## [RECORDED INFORMATION]
::::::::::
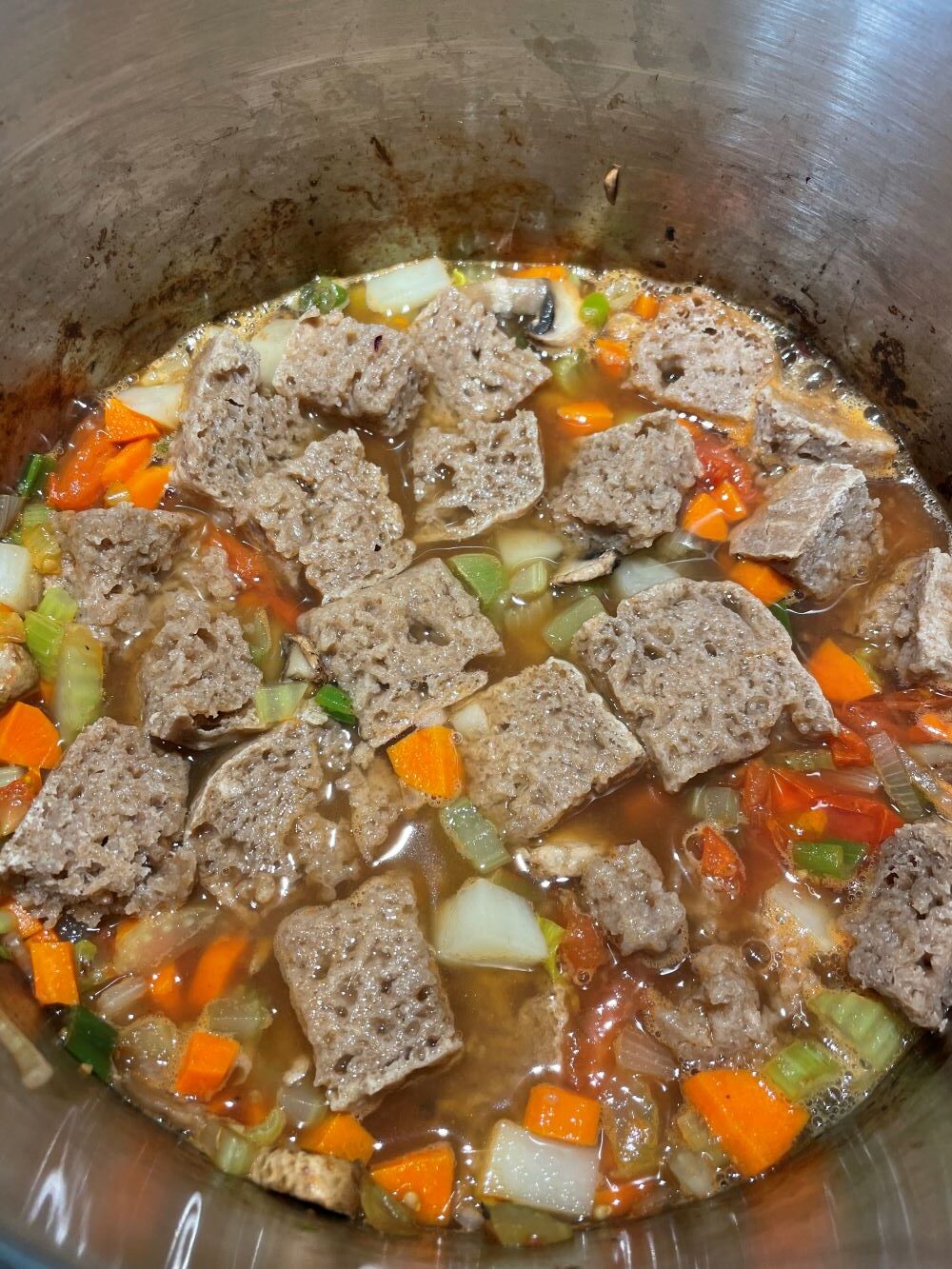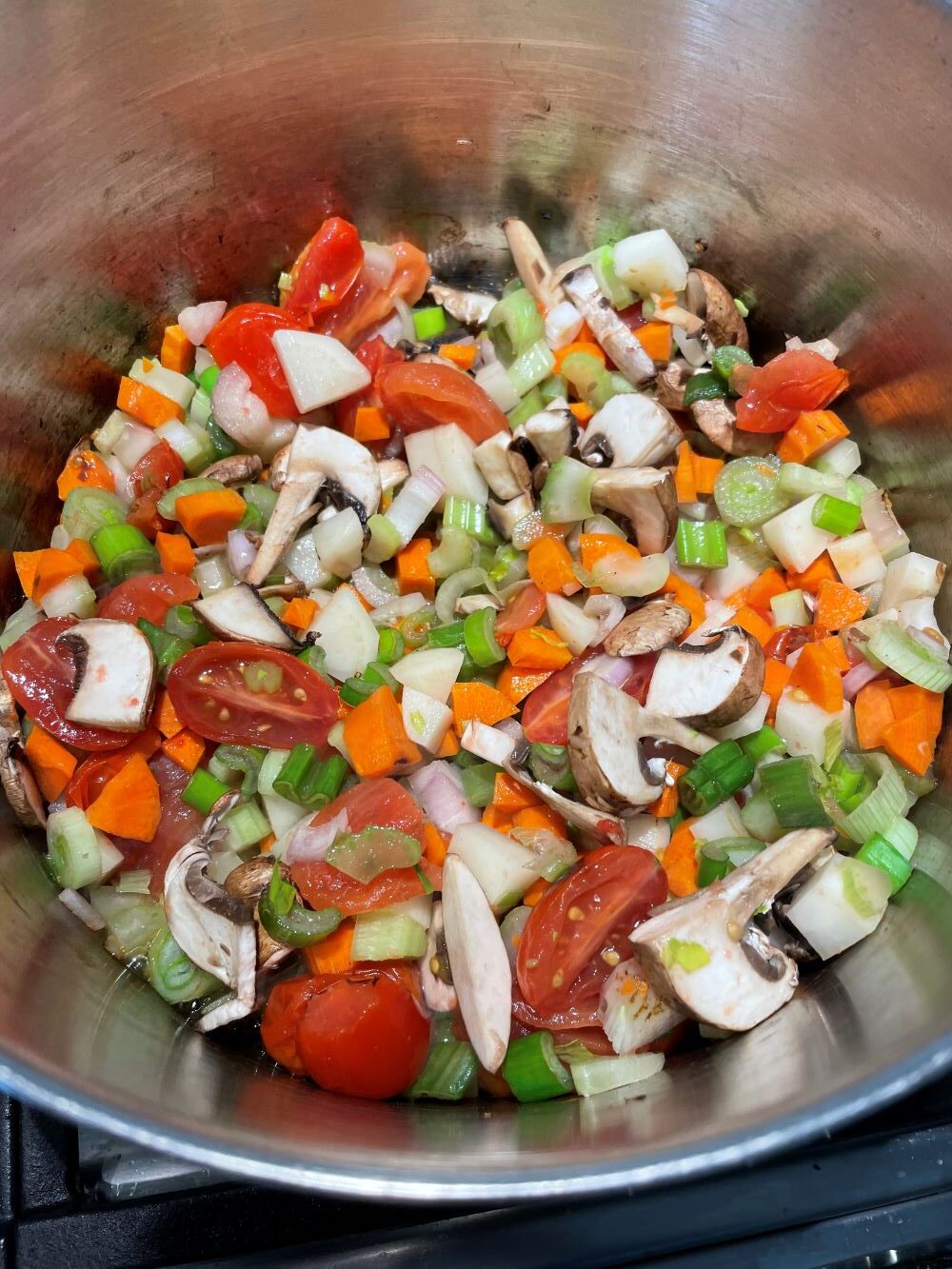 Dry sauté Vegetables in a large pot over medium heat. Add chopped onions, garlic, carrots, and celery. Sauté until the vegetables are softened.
::::::::::
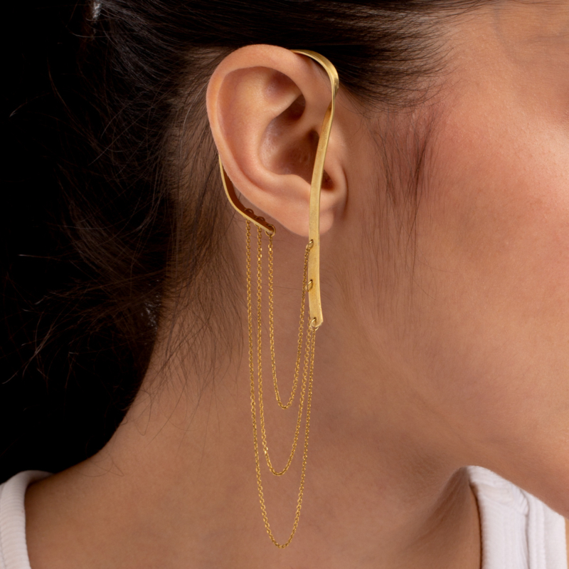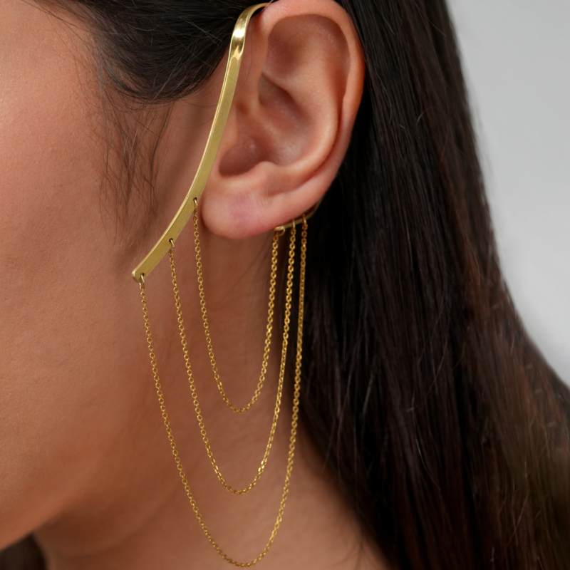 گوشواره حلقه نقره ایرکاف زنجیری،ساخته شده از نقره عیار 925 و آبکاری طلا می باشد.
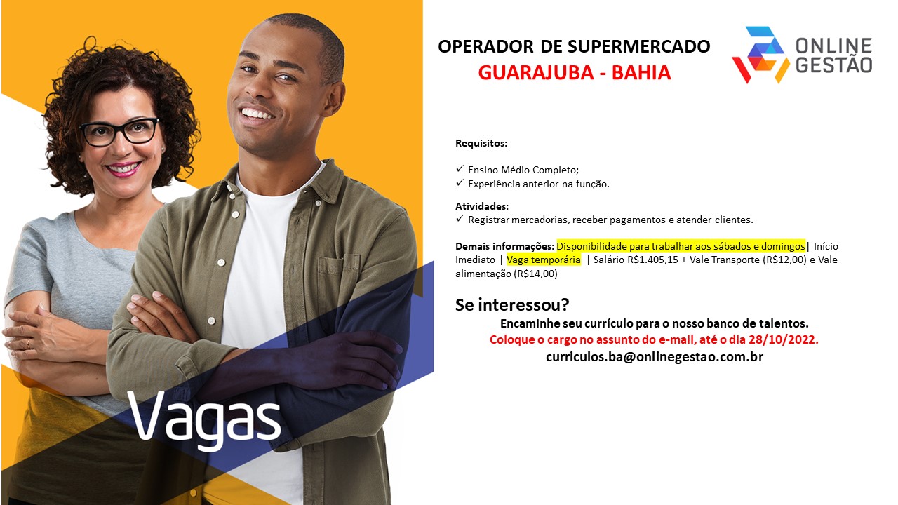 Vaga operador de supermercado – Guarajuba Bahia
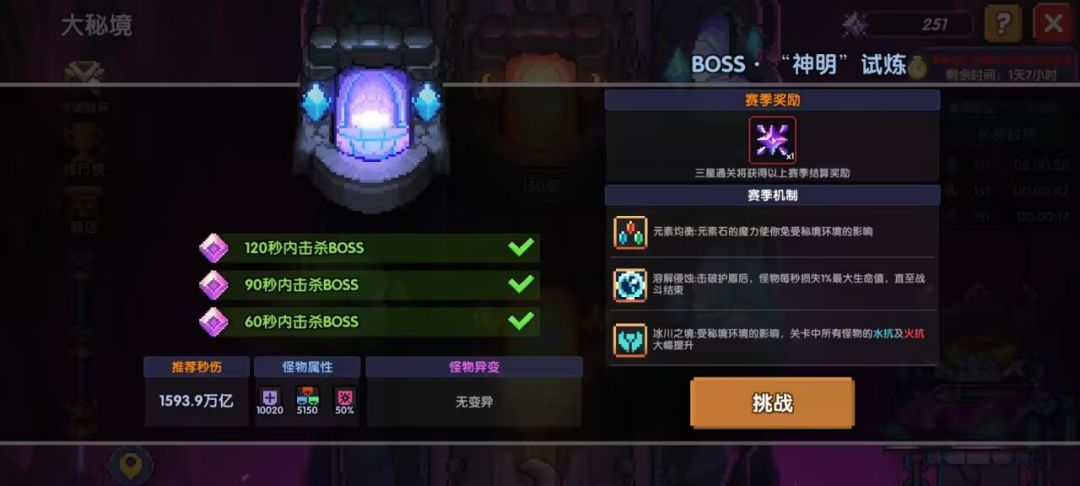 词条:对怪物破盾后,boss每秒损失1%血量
::::::::::
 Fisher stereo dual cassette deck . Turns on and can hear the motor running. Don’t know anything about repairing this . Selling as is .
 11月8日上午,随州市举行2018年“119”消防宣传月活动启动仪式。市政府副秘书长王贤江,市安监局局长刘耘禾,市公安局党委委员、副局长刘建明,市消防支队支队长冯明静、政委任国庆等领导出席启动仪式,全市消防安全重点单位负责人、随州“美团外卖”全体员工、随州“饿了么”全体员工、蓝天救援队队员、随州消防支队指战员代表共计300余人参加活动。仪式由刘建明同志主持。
::::::::::
Copy back the listing above exactly, but only from the line with "Fisher stereo dual" through the line with "11月8日上午,随州市举行2", both ends included.

## [THE ANSWER]
 Fisher stereo dual cassette deck . Turns on and can hear the motor running. Don’t know anything about repairing this . Selling as is .
 11月8日上午,随州市举行2018年“119”消防宣传月活动启动仪式。市政府副秘书长王贤江,市安监局局长刘耘禾,市公安局党委委员、副局长刘建明,市消防支队支队长冯明静、政委任国庆等领导出席启动仪式,全市消防安全重点单位负责人、随州“美团外卖”全体员工、随州“饿了么”全体员工、蓝天救援队队员、随州消防支队指战员代表共计300余人参加活动。仪式由刘建明同志主持。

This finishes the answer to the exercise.